The FDA has granted a breakthrough therapy designation to the combination of venetoclax plus azacitidine for use in the treatment of adult patients with previously untreated, intermediate-, high-, and very high–risk myelodysplastic syndromes based on the revised International Prognostic Scoring System.
The FDA has granted a breakthrough therapy designation to the combination of venetoclax (Venclexta) plus azacitidine for use in the treatment of adult patients with previously untreated, intermediate-, high-, and very high–risk myelodysplastic syndromes (MDS) based on the revised International Prognostic Scoring System (IPSS).1
The decision was based on interim data from the phase 1b M15-531 study (NCT02942290), which demonstrated that the combination showcased encouraging efficacy, which included durable responses, and an acceptable safety profile in patients with higher-risk MDS.2
“Higher-risk MDS is associated with poor prognosis, reduced quality of life, and limited treatment options,” Levi Garraway, MD, PhD, chief medical officer and head of Global Product Development at Genentech, stated in a press release. “We are pleased that the FDA has granted [venetoclax] its sixth breakthrough therapy designation in recognition of its potential to improve outcomes for people with MDS in combination with azacitidine.”
The open-label, non-randomized, multicenter, dose-finding phase 1b study examined venetoclax plus azacitidine in treatment-naïve patients with higher-risk MDS. To be eligible for enrollment, patients needed to be at least 18 years of age, be IPSS intermediate-2 or high risk, bone marrow blasts that were lower than 20% at baseline, and an ECOG performance status of 0 to 2.
Patients who had chronic myelomonocytic leukemia or therapy-related MDS and who were eligible to receive intensive chemotherapy or allogeneic hematopoietic stem cell transplantation, were excluded.
The trial was comprised of 2 parts: a dose-escalation portion and a safety expansion portion. Venetoclax was initially given at a dose of 400 mg or 800 mg for 28 days in a 28-day treatment cycle. Because of intolerance among patients with MDS, this was later amended to an escalating dose, which went from 100 mg to 200 mg to 400 mg for 14 days in a 28-day cycle. Azacitidine was given at a dose of 75 mg/m2 subcutaneously or intravenously on days 1 through 7 of each 28-day cycle.
The primary objectives of the study are to evaluate the safety profile, pharmacokinetics, and identify the recommended phase 2 dose (RP2D) and dosing schedule of venetoclax in combination with azacitidine.
The median age of study participants was 71 years (range, 26-85), 75% were male, and 89% had an ECOG performance status of 0 to 1. At a data cutoff of December 31, 2019, a total of 57 patients received treatment with venetoclax plus azacitidine.

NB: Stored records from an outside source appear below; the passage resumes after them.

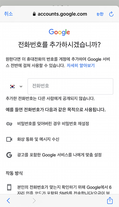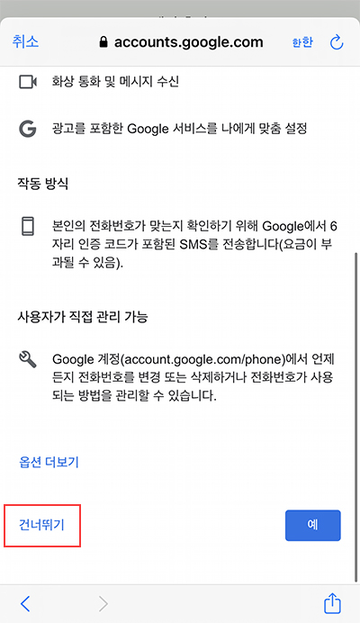 여기가 가장 중요하다!!!! 전화번호를 추가하지 말고 건너뛰기를 해야 내가 한국인임을 걸리지 않을 수 있다.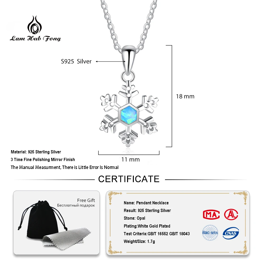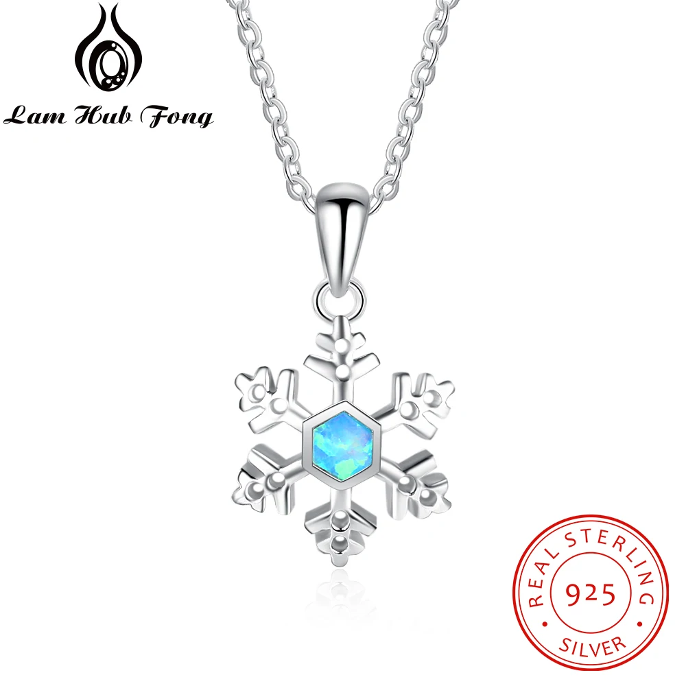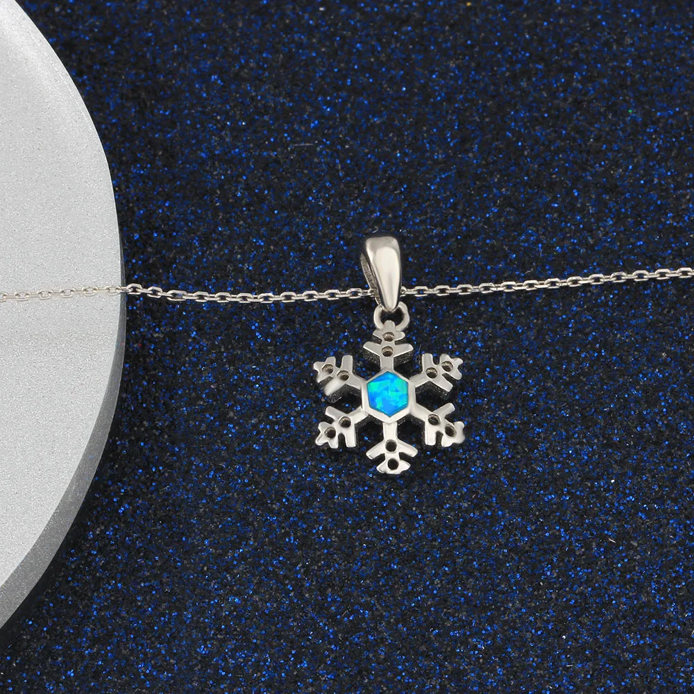 925 Sterling Silver Snowflake Pendant Necklace Blue Opal Chain Necklaces Valentine's D Fine Jewelry for Women(Lam Hub Fong)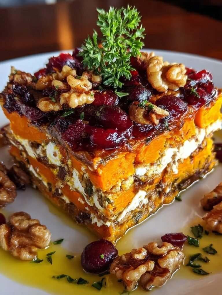 Wenn der Herbstwind pfeift und man etwas Besonderes braucht, dann ist dieseGeschichtete Lasagne aus Süßkartoffeln, Butternusskürbis und Karotten mit Feta, Walnüssen und Cranberry-Honig-Glasurdie Antwort. Sie ist warm, farbenfroh und schmeckt einfach göttlich, ein echter Seelentröster, der die Gemüter sofort erhellt. Vergessen Sie schwere Pastagerichte; diese Version ist leichtfüßig und dennoch sättigend. Sie werden staunen, wie gut geröstetes Gemüse, cremiger Feta und die süße Glasur aus Honig und Cranberrys harmonieren.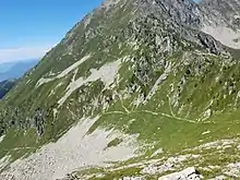 - Étape 2: Cette deuxième étape relie Le Pontet au refuge de la Perrière au travers des alpages. Le refuge non gardé de la Perrière contient 18 places et a été rénové en juin 2020 par l'association Tous à Poêle[10]. Cette étape à une durée de 8h et possède un dénivelé positif de +1800m pour un négatif de -900m sur une distance de 16km.

Data indicated that a median follow-up of 13.0 months (95% CI, 11.3-15.6), the objective response rate achieved with the doublet was 77%; this was comprised of a complete remission (CR) rate of 42% and a marrow CR (mCR) rate of 35%. Of these patients, 40% achieved a mCR and hematological improvement. No patients experienced a partial remission to treatment.
Moreover, the median duration of response with the regimen was 14.8 months (95% CI, 12.9–not estimable [NE]). The median progression-free survival was 17.5 months (95% CI, 14.5–NE) with the venetoclax regimen, and the median overall survival had not yet been reached (95% CI, 16.2 months–NE).

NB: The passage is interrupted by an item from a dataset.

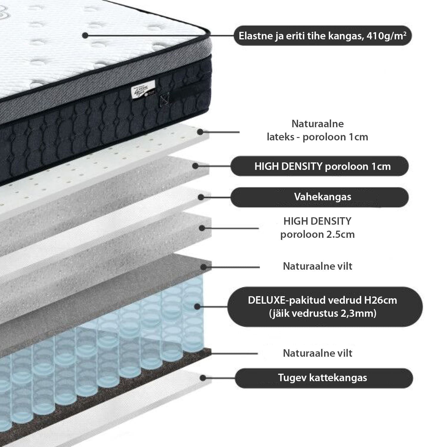 Madratsil on pakitud deluxe-pocket vedrustus (2,3mm/jäik).

Additional data indicated that of the participants who were given the RP2D of venetoclax at 400 mg for 14 days in each 28-day cycle plus azacitidine, physical functioning per EORTC QLQ-C30 was maintained through 48 weeks of treatment. Additionally, a clinically meaningful improvement was observed with regard to fatigue and dyspnea per EORTC QLQ-C30, and this was achieved by the start of cycle 5; it was maintained through week 48.

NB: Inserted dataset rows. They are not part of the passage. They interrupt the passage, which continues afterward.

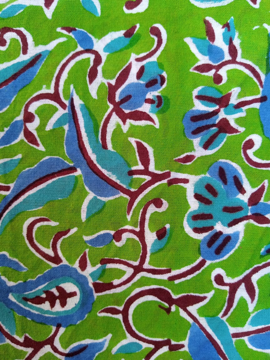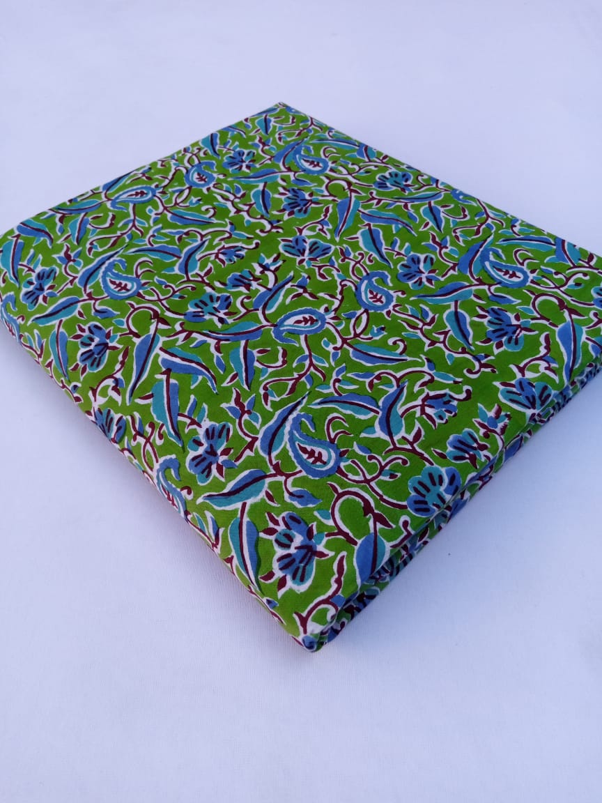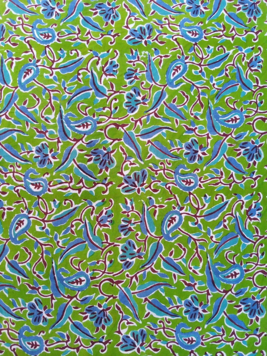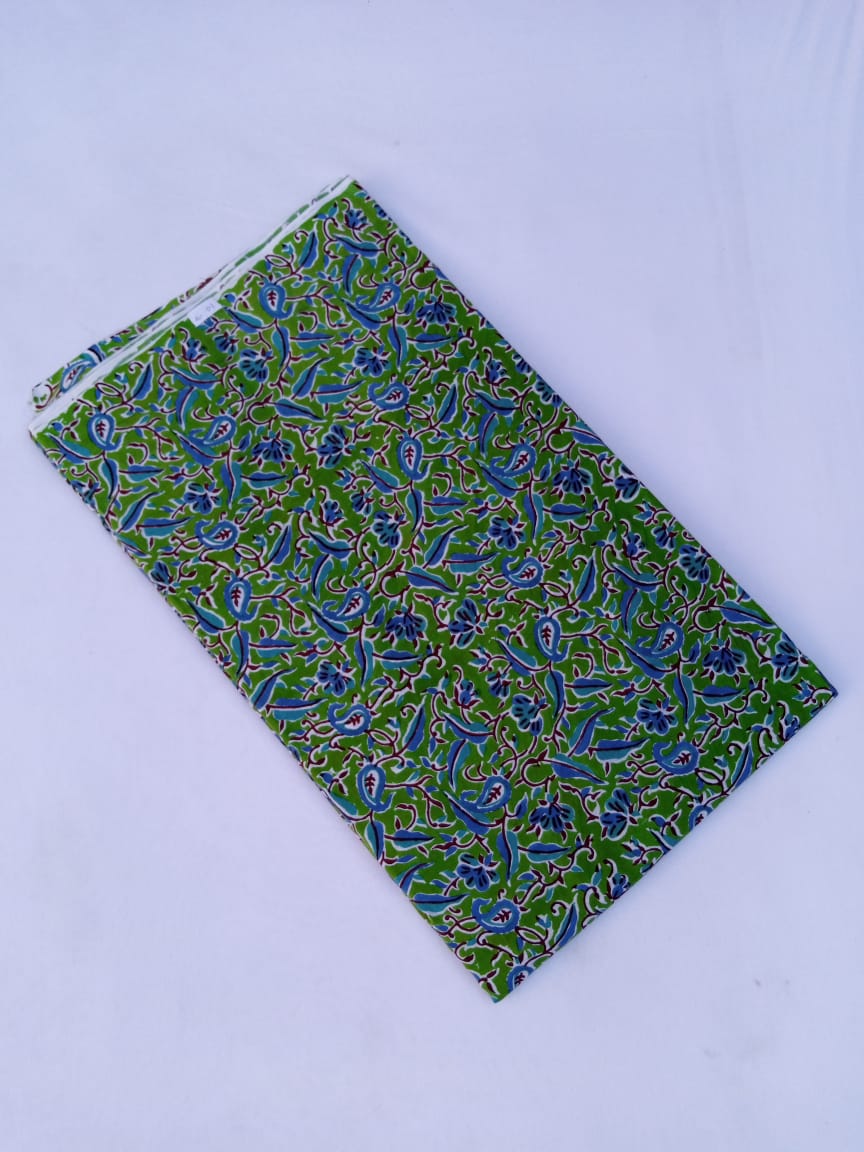 Green with Blue Floral Pure Cotton Hand Block Printed Fabric - JBR53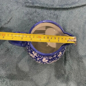 This vintage Victoria Ware ironstone pitcher is a beautiful addition to any collection. With a calico blue and white floral pattern, this pitcher stands at 5 inches tall and measures 6 inches in length and 8 inches in width. The set includes one pitcher, and it is made from high-quality ironstone material.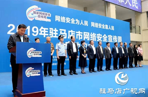 驻马店广电融媒体消息: 9月18日上午,2019年驻马店市网络安全宣传周启动仪式在黄淮学院举行。市委常委、宣传部长戚存杰,市政协副主席苗炳启,黄淮学院党委书记李国胜出席启动仪式。市委网络安全和信息化委员会成员单位的主要负责同志、互联网行业代表和新闻界代表等200余人参加启动仪式。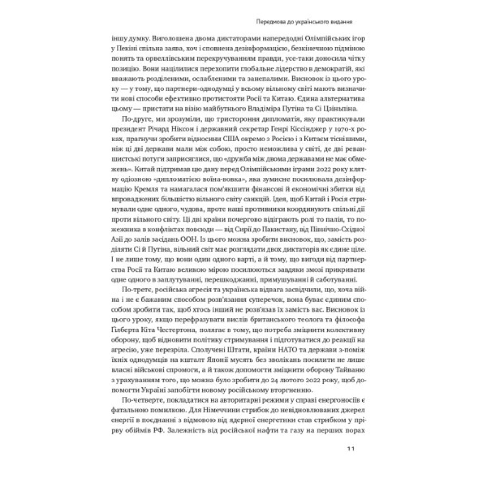 У книжці він висловлює щиру підтримку українцям, детально аналізує «російську війну нового покоління», експансіоністську політику Китаю, проксі-війни Ірану, ситуацію на Близькому Сході, в Афганістані та Східній Азії. Також він відверто говорить про помилки НАТО і США протягом останніх десятиліть. А ще — як подолати проблеми світової безпеки, захистити свободу і приборкати тиранію.

Regarding safety, all patients reported at least 1 adverse effect (AE) and the most common ones experienced included constipation (54%), neutropenia (51%), and nausea (51%). Grade 3 or higher toxicities were experienced by 97% of patients; these comprised neutropenia (51%), febrile neutropenia (46%), and thrombocytopenia (30%). The most frequently experienced serious AE was febrile neutropenia, and that was observed in 42% of patients. The 30-day mortality rate was 2%.